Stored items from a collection
________________
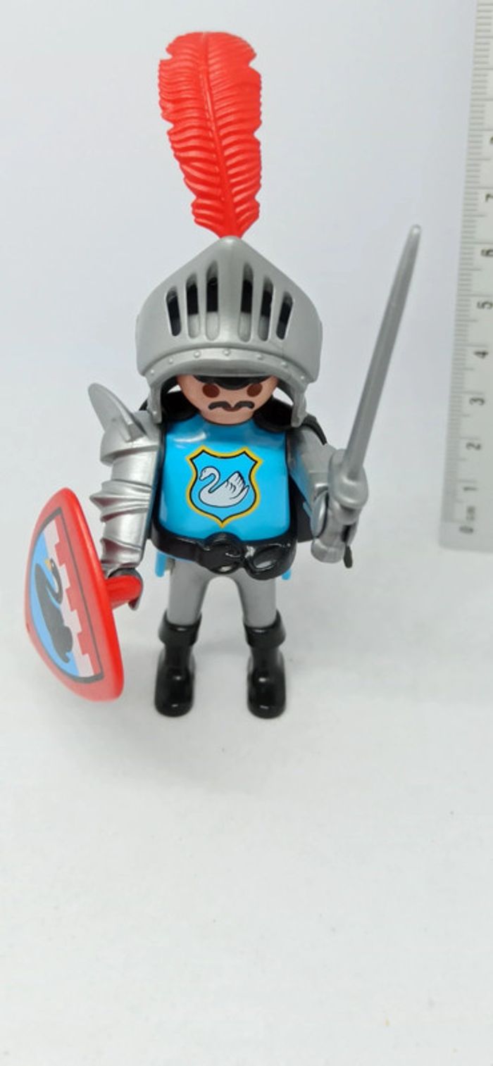 Chevalier homme bouclier et torse motif cygne avec épée playmobil
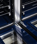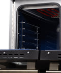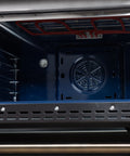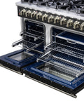 The Massimo 48 inch dual fuel range offers serious cooking power for high-performance kitchens. With 8 sealed gas burners and durable matte cast iron grates, it’s built for everything from rapid boiling to low simmers. The spacious 6.58 cu. ft. electric oven features true convection, multiple bake and broil modes, and a built-in air fryer basket for healthier meals. Finished in a bold black with antique brass handles, it also includes a wok support, griddle, and a steam-cleaning function for easy maintenance. The speckled blue enamel oven interior adds style and visibility. LP convertible and designed for either freestanding or built-in installation.
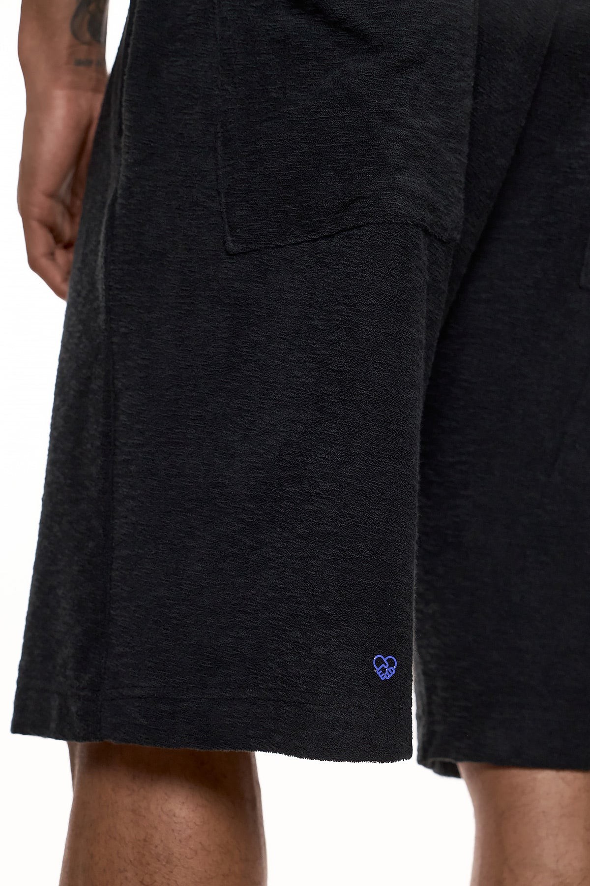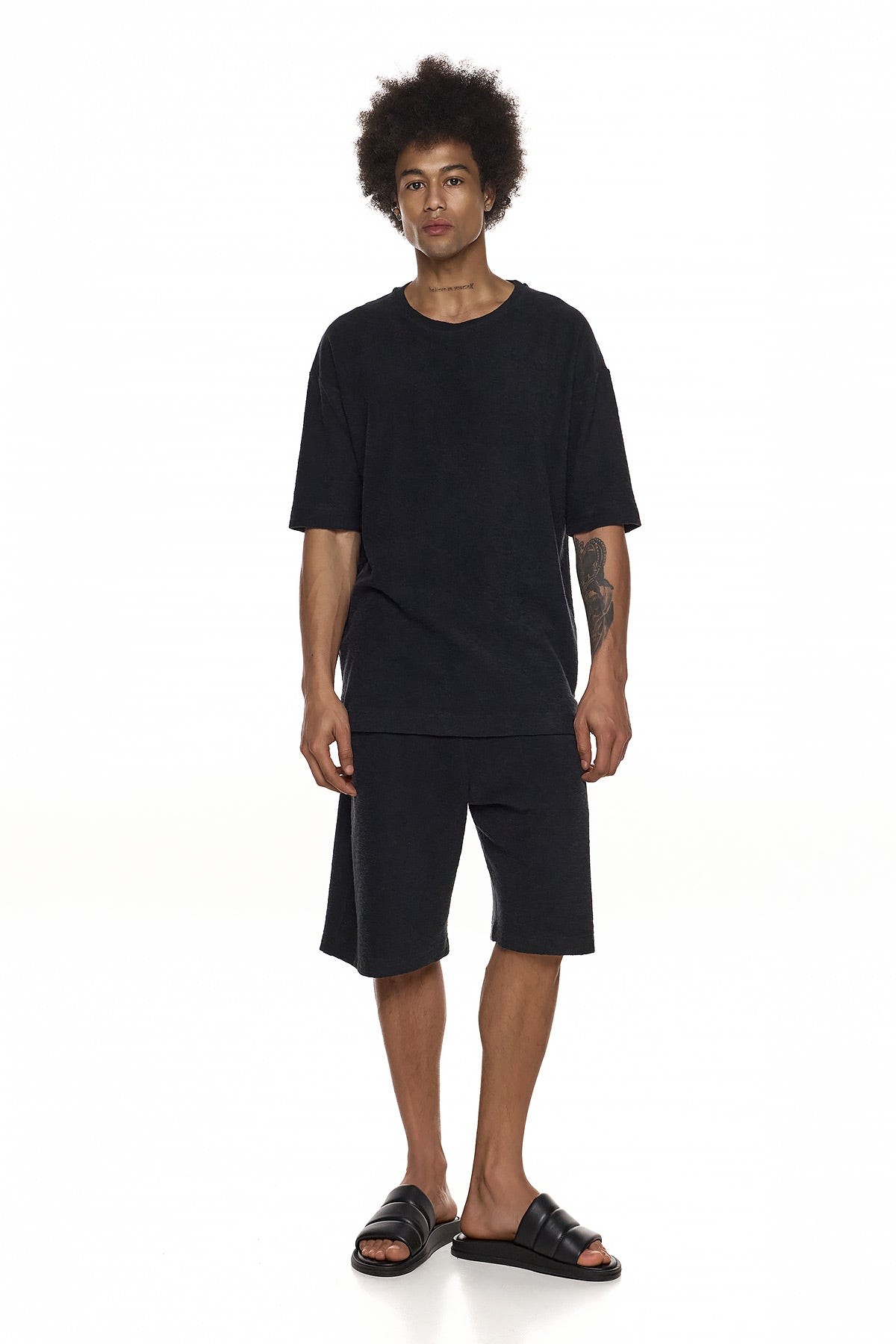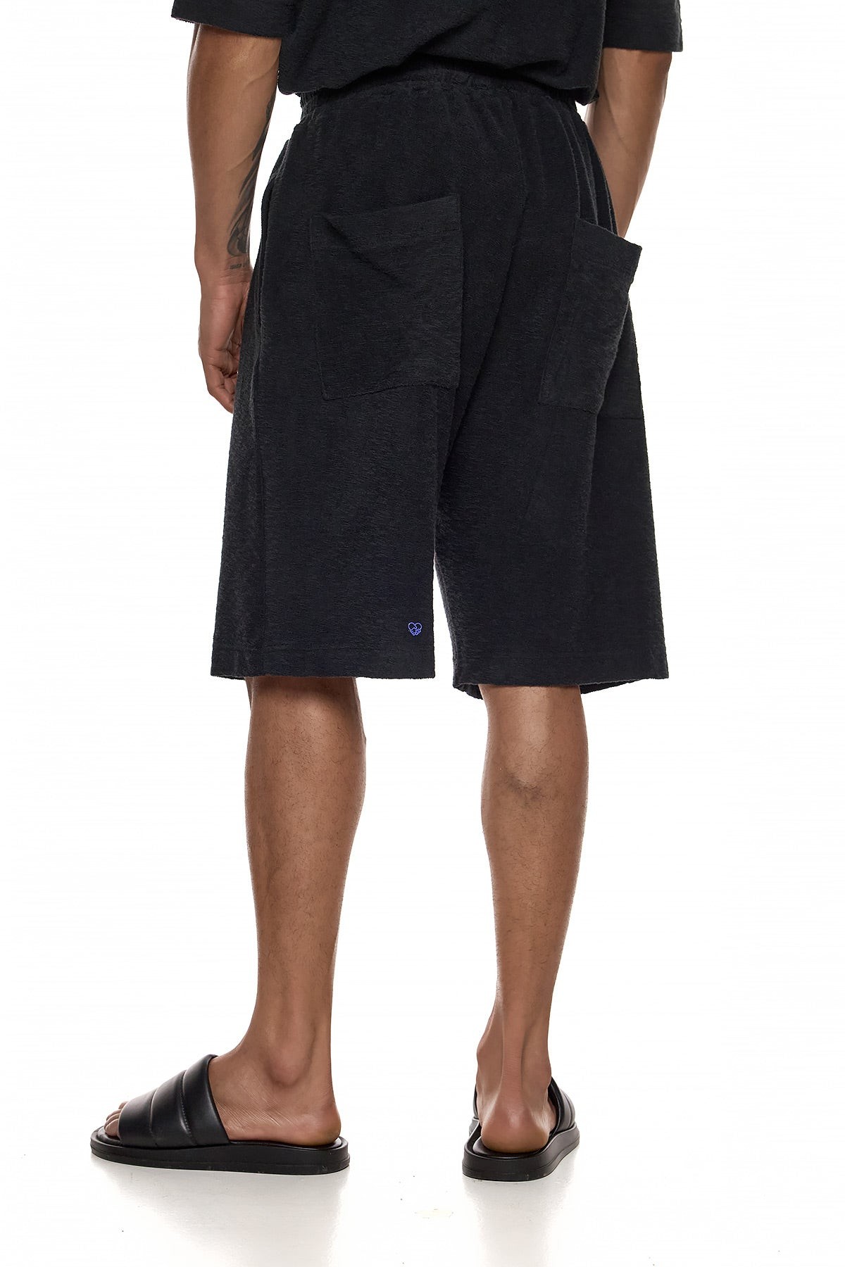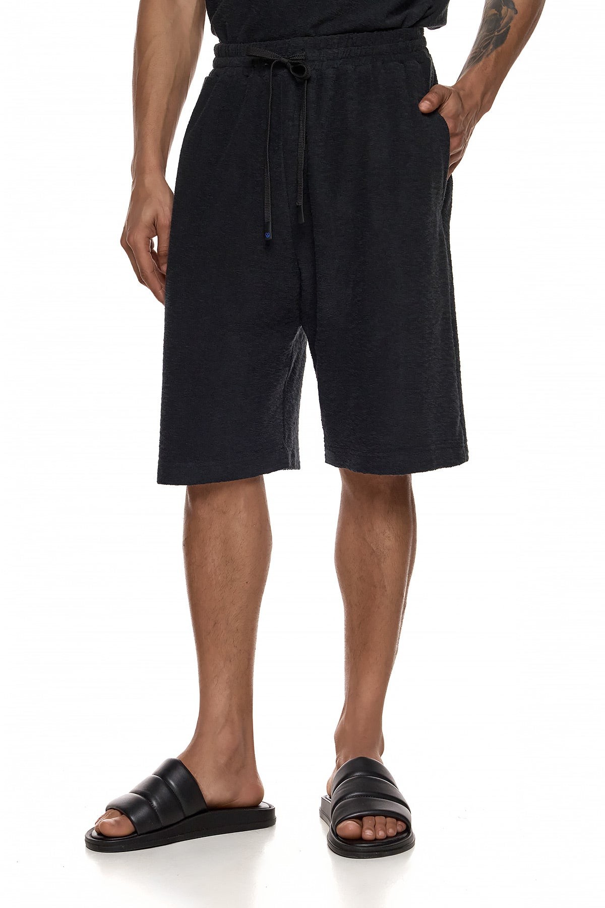 Features: Regular fit terry Bermuda with elastic waist. 100% cotton
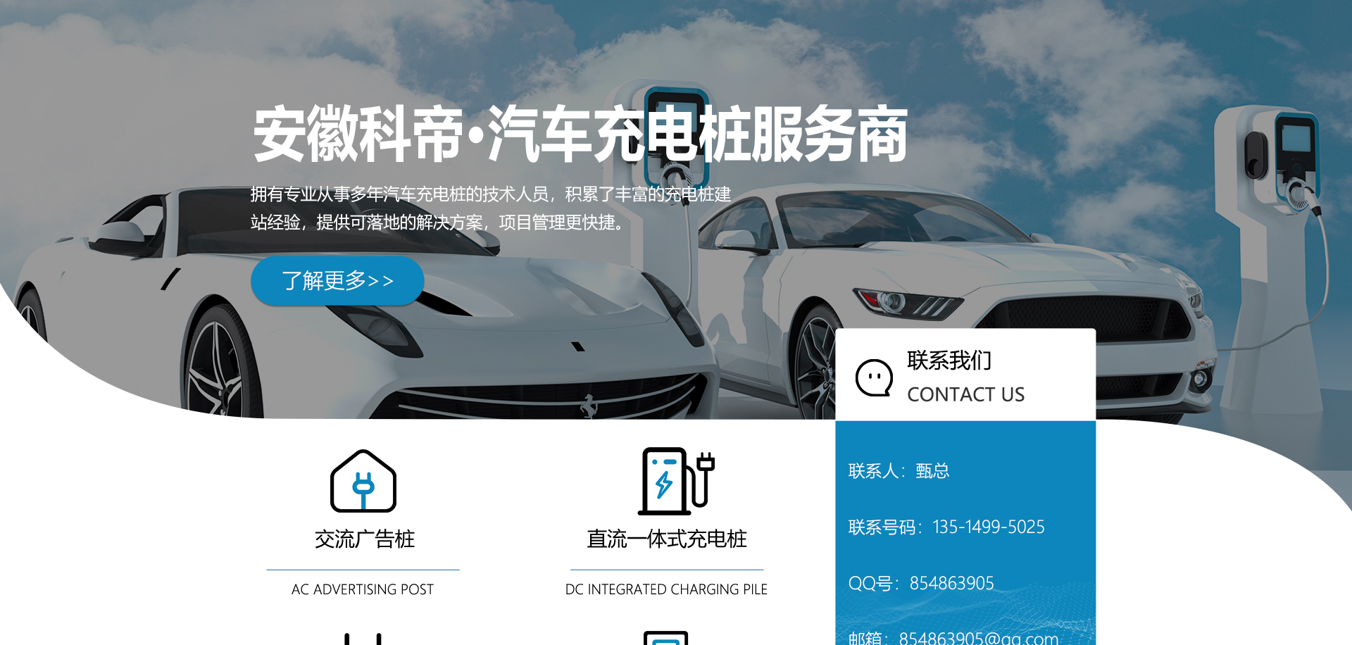 關于我們安徽科帝新能源科技有限公司坐落于安徽省會-合肥,是一家研發、生產智能充電樁設備,汽車充電站后臺監控管理系統和生產高壓開關設備的企業.由專門的研發團隊、管理團隊按照現代化企業制度規范設立的有限責任公司。致力于為能源智能、安全的應用和節能減排提供整體的技術與產品解決方案。科帝集研發、設計、生產、銷售以及服務于一體,在電動汽車充電方案,充電設施建設和城市配電方面擁有廣泛的技術研究及經驗積累,為客戶提供安全、智能的充電設備及充電運營站建設一體化解決方案。并堅持以人為本、質量為先、顧客至上、不斷創新”的企業理念,為能源行業的發展、節能減排做出重大的貢獻。公司擁有豐富的產品種類,目前科帝已研發生產了三十多種產品,充電設備有直流一體式充電樁、直流分體式充電樁、直流廣告樁、交流廣告樁、廣告一體樁、壁掛交直流樁;等多種充電設備;每一款產品都是精心打造,力求為客戶提供優越的用戶體驗。展望未來科帝將通過持續的自...
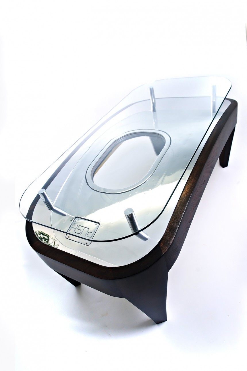 The Exit Table from Fallen Furniture is crafted from the escape hatch of an Airbus 320 and the aluminium exterior has been polished to a mirror-finish for a visual impact that is quite beyond compare and which provides support to the robust and strengthened glass top.
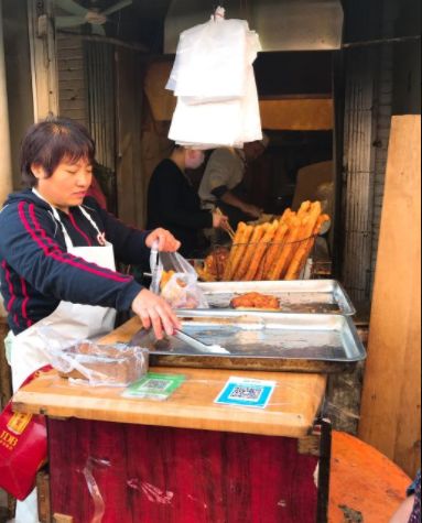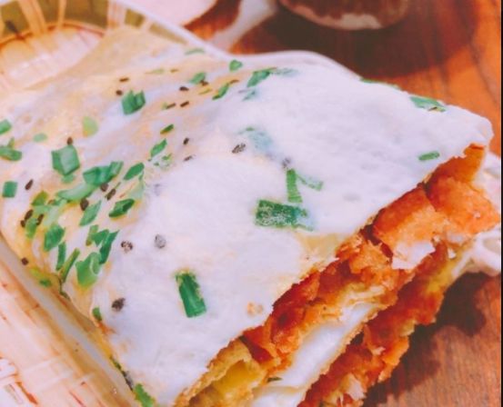 就在五大道上,煎餅裡面夾的是薄脆,趁熱吃的話薄脆特薄特脆,好評!如果放一會的話薄脆變軟了口感就會差很多,要是不是立刻吃的話,老大爺說可以把薄脆跟餅分開打包,回去再自己夾上用微波爐叮一下就可以
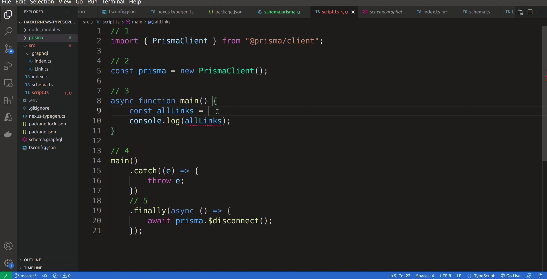 // 1: Import the PrismaClient constructor from the @prisma/client node module.// 2: Instantiate PrismaClient.// 3: Define an async function called main to send queries to the database. You will write all your queries inside this function. You are calling the findMany() query, which will return all the link records that exist in the database.// 4: Call the main function.// 5: Close the database connections when the script terminates.Take a moment to re-type the query line and notice the helpful autocompletion you get after typing prisma. and prisma.link.. The autocompletion lets us see all of the possible models we can
________________
YOUR GOAL — Set down, word for word, only the lines running from the line with "就在五大道上,煎餅裡面夾的是" through the final line of the entries above, omitting all pictures.

ANSWER BOX —
 就在五大道上,煎餅裡面夾的是薄脆,趁熱吃的話薄脆特薄特脆,好評!如果放一會的話薄脆變軟了口感就會差很多,要是不是立刻吃的話,老大爺說可以把薄脆跟餅分開打包,回去再自己夾上用微波爐叮一下就可以
 // 1: Import the PrismaClient constructor from the @prisma/client node module.// 2: Instantiate PrismaClient.// 3: Define an async function called main to send queries to the database. You will write all your queries inside this function. You are calling the findMany() query, which will return all the link records that exist in the database.// 4: Call the main function.// 5: Close the database connections when the script terminates.Take a moment to re-type the query line and notice the helpful autocompletion you get after typing prisma. and prisma.link.. The autocompletion lets us see all of the possible models we can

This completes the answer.